A compound index spans multiple fields in a single index structure. It can serve queries on any prefix of the indexed fields — making one compound index far more versatile than several single-field indexes.

Compound index

JS
// Compound index on lastName, then firstName
db.users.createIndex({ lastName: 1, firstName: 1 })

// This ONE index can efficiently serve ALL of these queries:
db.users.find({ lastName: "Smith" })
db.users.find({ lastName: "Smith", firstName: "Alice" })
db.users.find({ lastName: "Smith" }).sort({ firstName: 1 })

// It CANNOT efficiently serve:
db.users.find({ firstName: "Alice" })  // firstName is not a prefix

// Another example: userId + status + createdAt
db.orders.createIndex({ userId: 1, status: 1, createdAt: -1 })
// Serves: { userId } queries, { userId, status } queries,
//         { userId, status, createdAt } queries, and sort by createdAt
// when filtered by userId (and optionally status)
Note
A compound index on { a, b, c } can serve queries on { a }, { a, b }, and { a, b, c }. It CANNOT efficiently serve queries on just { b } or { b, c } — those fields are not index prefixes.
Multikey Index — Arrays

When you create an index on a field that holds an array value, MongoDB automatically creates a multikey index — it stores one index entry per element in the array. This allows efficient queries that match any array element.

Multikey index

JS
// Documents in the articles collection look like:
// { _id: ..., title: "...", tags: ["mongodb", "database", "nosql"] }

// Create an index on the tags array field
db.articles.createIndex({ tags: 1 })
// MongoDB automatically creates a MULTIKEY index — one entry per tag

// Query: find all articles tagged "mongodb"
db.articles.find({ tags: "mongodb" })

// Query: find articles tagged with all of these
db.articles.find({ tags: { $all: ["mongodb", "database"] } })

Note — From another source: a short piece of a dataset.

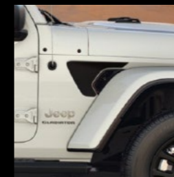
Freedom' vleugel decals

// Query: find articles tagged with any of these
db.articles.find({ tags: { $in: ["mongodb", "nosql"] } })

// Compound multikey index (one array field allowed in compound)
db.articles.createIndex({ authorId: 1, tags: 1 })
Note
A compound index cannot have more than one multikey field. For example, createIndex({ tags: 1, categories: 1 }) will fail if both tags and categories contain arrays in the same document.
Text Index

Text indexes support full-text search queries using the $text operator. They tokenize string content, remove stop words, and apply stemming. A collection may have at most one text index, but it can span multiple fields. See the Text Search page for full coverage.

JS
// Multi-field text index with field weights
db.articles.createIndex(
  { title: "text", body: "text" },
  { weights: { title: 10, body: 1 } }
)

// Search
db.articles.find({ $text: { $search: "mongodb performance" } })
Geospatial Indexes — 2dsphere

2dsphere indexes support queries on GeoJSON data — points, lines, and polygons stored on a spherical model of the Earth. Use this for location-aware queries like "find all restaurants within 1 km of this point."

2dsphere geospatial index

JS
// Documents store GeoJSON location:
// { name: "Cafe Roma", location: { type: "Point", coordinates: [13.405, 52.52] } }
// coordinates are [longitude, latitude]

// Create a 2dsphere index
db.restaurants.createIndex({ location: "2dsphere" })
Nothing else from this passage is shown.